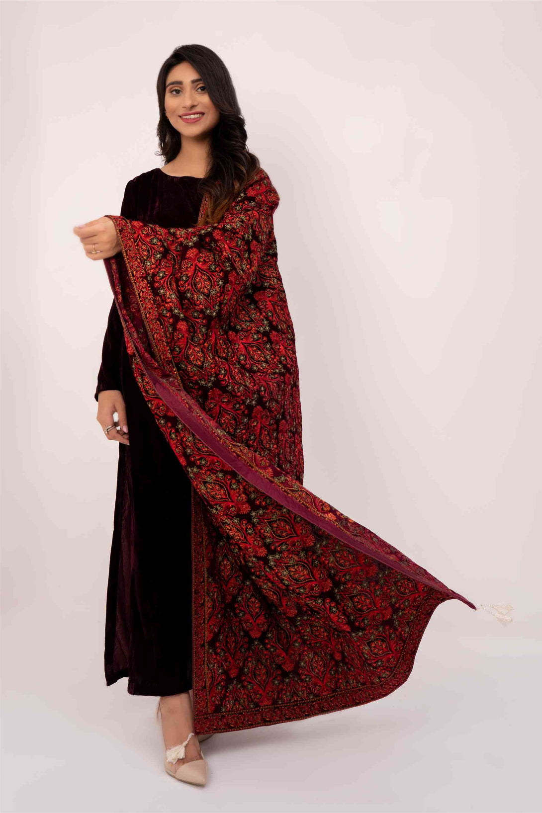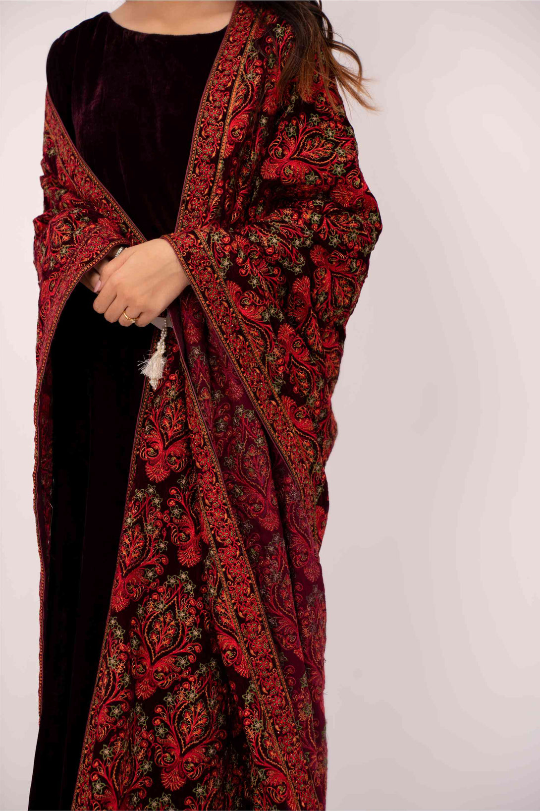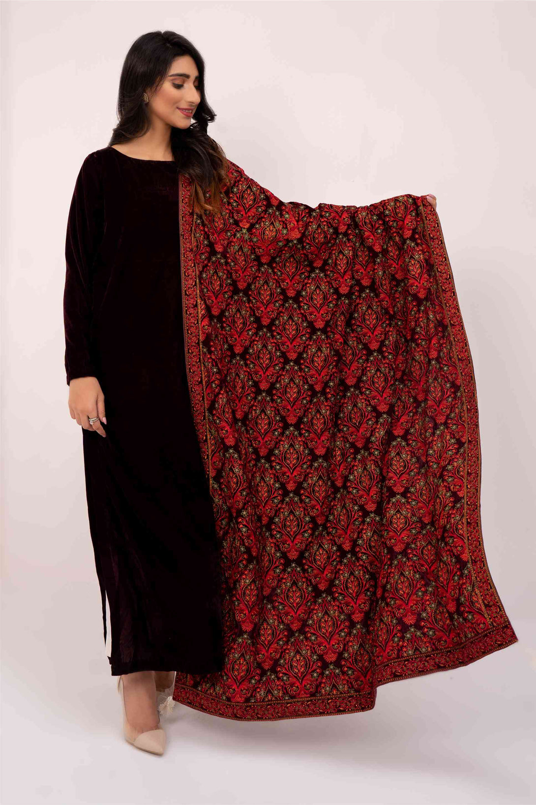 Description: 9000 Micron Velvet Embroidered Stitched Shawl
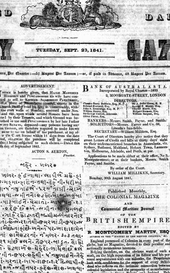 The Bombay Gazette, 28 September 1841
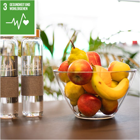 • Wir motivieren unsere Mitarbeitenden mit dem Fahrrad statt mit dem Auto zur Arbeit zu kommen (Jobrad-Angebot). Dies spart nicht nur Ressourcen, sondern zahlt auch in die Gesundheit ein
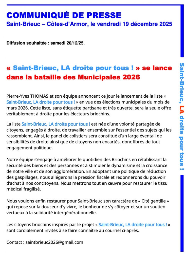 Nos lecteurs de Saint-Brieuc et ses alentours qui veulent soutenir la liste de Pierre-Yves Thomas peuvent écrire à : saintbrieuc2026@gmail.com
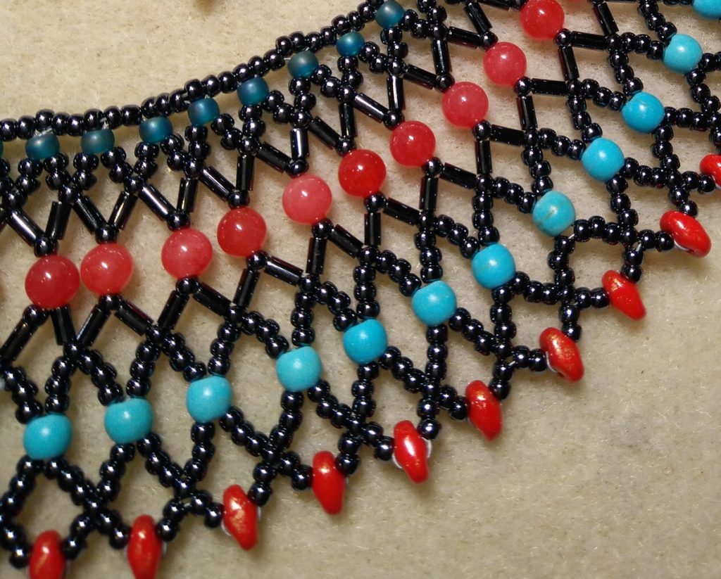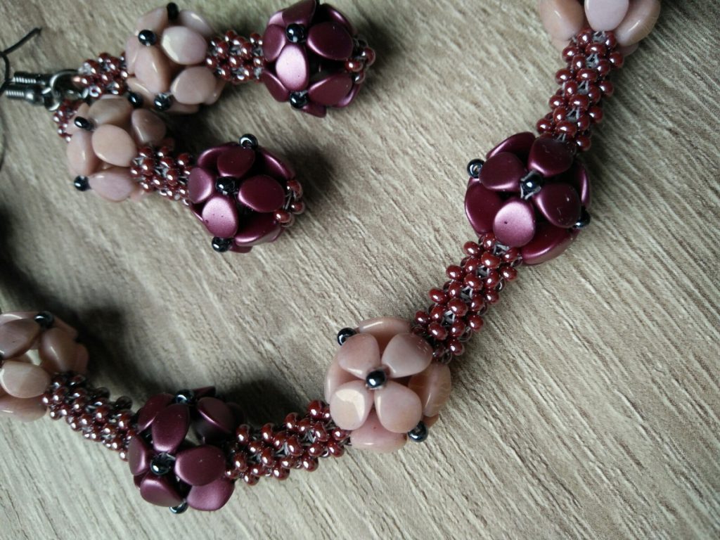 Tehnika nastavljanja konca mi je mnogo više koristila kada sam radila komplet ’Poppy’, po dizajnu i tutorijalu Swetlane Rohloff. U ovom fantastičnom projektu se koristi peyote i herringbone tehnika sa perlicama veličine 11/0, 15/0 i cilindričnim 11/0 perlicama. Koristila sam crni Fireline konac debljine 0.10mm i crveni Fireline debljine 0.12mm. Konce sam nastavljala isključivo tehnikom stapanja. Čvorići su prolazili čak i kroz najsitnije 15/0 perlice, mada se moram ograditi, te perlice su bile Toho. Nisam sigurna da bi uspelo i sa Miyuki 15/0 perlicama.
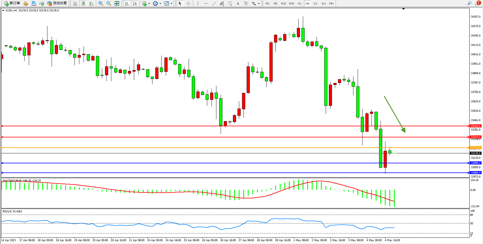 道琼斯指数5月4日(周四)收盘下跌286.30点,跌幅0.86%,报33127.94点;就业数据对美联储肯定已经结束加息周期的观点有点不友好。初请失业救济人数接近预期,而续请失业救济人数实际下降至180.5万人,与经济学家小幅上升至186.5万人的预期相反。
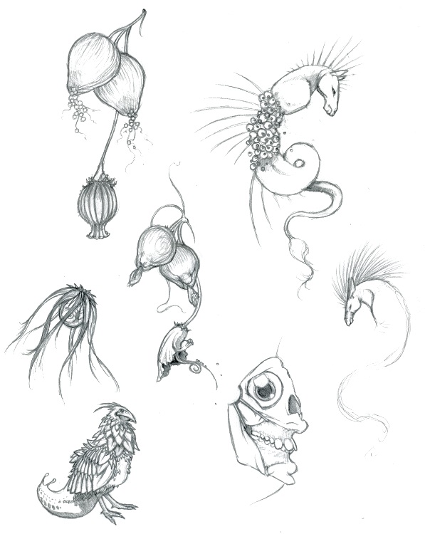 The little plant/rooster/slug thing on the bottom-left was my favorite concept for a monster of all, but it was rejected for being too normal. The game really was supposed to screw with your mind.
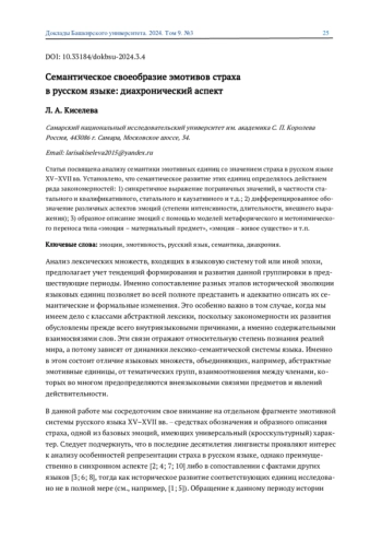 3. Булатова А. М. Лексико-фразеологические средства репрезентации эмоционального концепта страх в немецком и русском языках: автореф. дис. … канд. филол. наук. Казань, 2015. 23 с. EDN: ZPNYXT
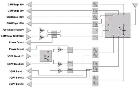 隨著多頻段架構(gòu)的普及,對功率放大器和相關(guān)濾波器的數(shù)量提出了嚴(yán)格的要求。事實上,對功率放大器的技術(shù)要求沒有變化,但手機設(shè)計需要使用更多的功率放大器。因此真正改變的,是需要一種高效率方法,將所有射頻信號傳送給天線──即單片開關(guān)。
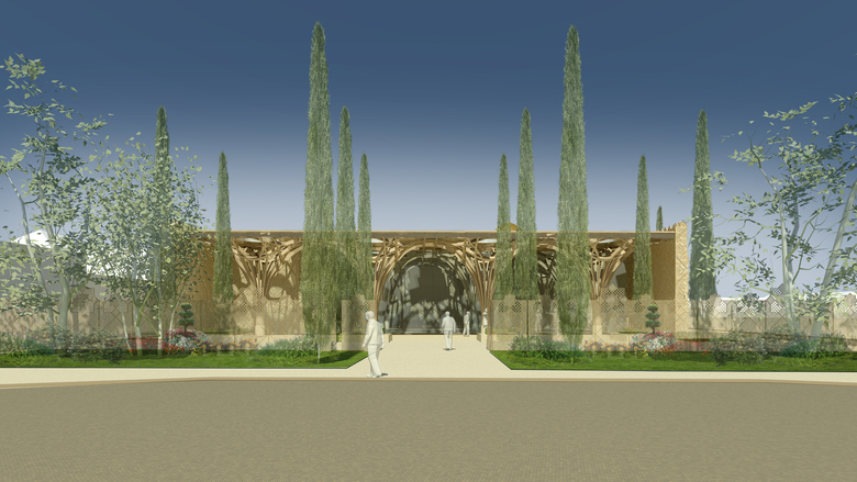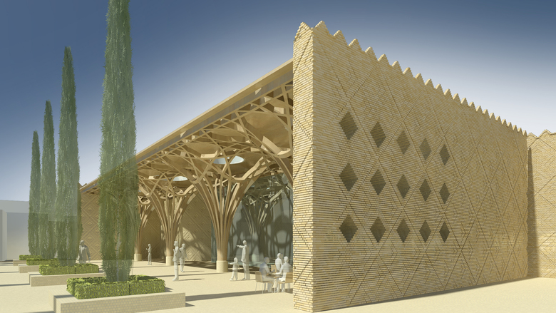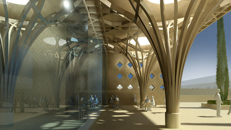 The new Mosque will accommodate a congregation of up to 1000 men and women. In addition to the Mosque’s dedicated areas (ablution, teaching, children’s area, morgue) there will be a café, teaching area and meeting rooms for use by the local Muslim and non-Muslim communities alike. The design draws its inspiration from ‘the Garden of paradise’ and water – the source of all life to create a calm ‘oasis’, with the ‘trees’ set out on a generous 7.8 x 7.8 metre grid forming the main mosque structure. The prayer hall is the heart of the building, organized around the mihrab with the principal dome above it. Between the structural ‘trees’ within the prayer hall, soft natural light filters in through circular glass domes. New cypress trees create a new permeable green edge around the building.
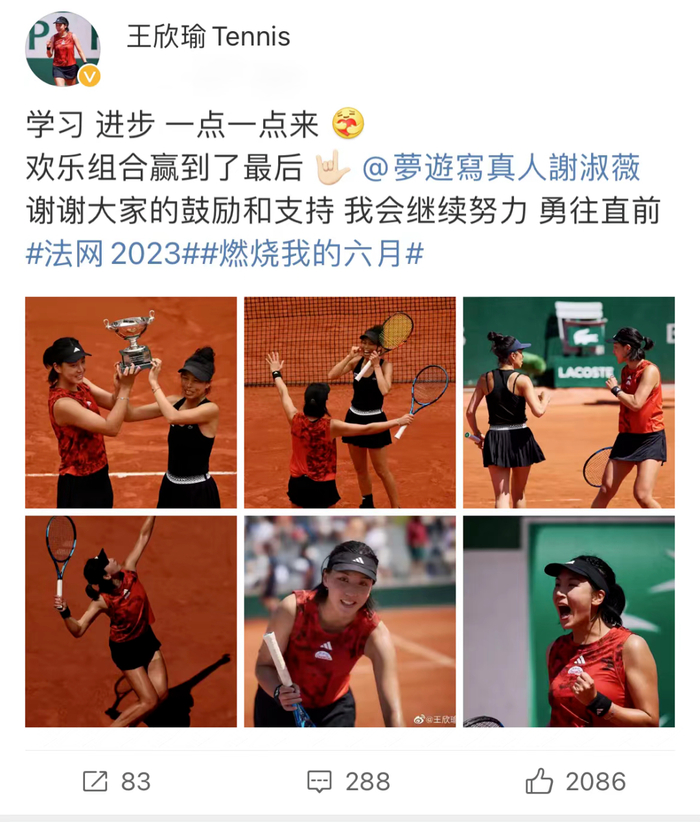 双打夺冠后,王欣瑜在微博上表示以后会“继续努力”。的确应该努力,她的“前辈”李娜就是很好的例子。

━━━━━━

__What you should do__. Apart from the images, every line above is to be given again exactly.

__Task response__.
 Description: 9000 Micron Velvet Embroidered Stitched Shawl
 The Bombay Gazette, 28 September 1841
 • Wir motivieren unsere Mitarbeitenden mit dem Fahrrad statt mit dem Auto zur Arbeit zu kommen (Jobrad-Angebot). Dies spart nicht nur Ressourcen, sondern zahlt auch in die Gesundheit ein
 Nos lecteurs de Saint-Brieuc et ses alentours qui veulent soutenir la liste de Pierre-Yves Thomas peuvent écrire à : saintbrieuc2026@gmail.com
 Tehnika nastavljanja konca mi je mnogo više koristila kada sam radila komplet ’Poppy’, po dizajnu i tutorijalu Swetlane Rohloff. U ovom fantastičnom projektu se koristi peyote i herringbone tehnika sa perlicama veličine 11/0, 15/0 i cilindričnim 11/0 perlicama. Koristila sam crni Fireline konac debljine 0.10mm i crveni Fireline debljine 0.12mm. Konce sam nastavljala isključivo tehnikom stapanja. Čvorići su prolazili čak i kroz najsitnije 15/0 perlice, mada se moram ograditi, te perlice su bile Toho. Nisam sigurna da bi uspelo i sa Miyuki 15/0 perlicama.
 道琼斯指数5月4日(周四)收盘下跌286.30点,跌幅0.86%,报33127.94点;就业数据对美联储肯定已经结束加息周期的观点有点不友好。初请失业救济人数接近预期,而续请失业救济人数实际下降至180.5万人,与经济学家小幅上升至186.5万人的预期相反。
 The little plant/rooster/slug thing on the bottom-left was my favorite concept for a monster of all, but it was rejected for being too normal. The game really was supposed to screw with your mind.
 3. Булатова А. М. Лексико-фразеологические средства репрезентации эмоционального концепта страх в немецком и русском языках: автореф. дис. … канд. филол. наук. Казань, 2015. 23 с. EDN: ZPNYXT
 隨著多頻段架構(gòu)的普及,對功率放大器和相關(guān)濾波器的數(shù)量提出了嚴(yán)格的要求。事實上,對功率放大器的技術(shù)要求沒有變化,但手機設(shè)計需要使用更多的功率放大器。因此真正改變的,是需要一種高效率方法,將所有射頻信號傳送給天線──即單片開關(guān)。
 The new Mosque will accommodate a congregation of up to 1000 men and women. In addition to the Mosque’s dedicated areas (ablution, teaching, children’s area, morgue) there will be a café, teaching area and meeting rooms for use by the local Muslim and non-Muslim communities alike. The design draws its inspiration from ‘the Garden of paradise’ and water – the source of all life to create a calm ‘oasis’, with the ‘trees’ set out on a generous 7.8 x 7.8 metre grid forming the main mosque structure. The prayer hall is the heart of the building, organized around the mihrab with the principal dome above it. Between the structural ‘trees’ within the prayer hall, soft natural light filters in through circular glass domes. New cypress trees create a new permeable green edge around the building.
 双打夺冠后,王欣瑜在微博上表示以后会“继续努力”。的确应该努力,她的“前辈”李娜就是很好的例子。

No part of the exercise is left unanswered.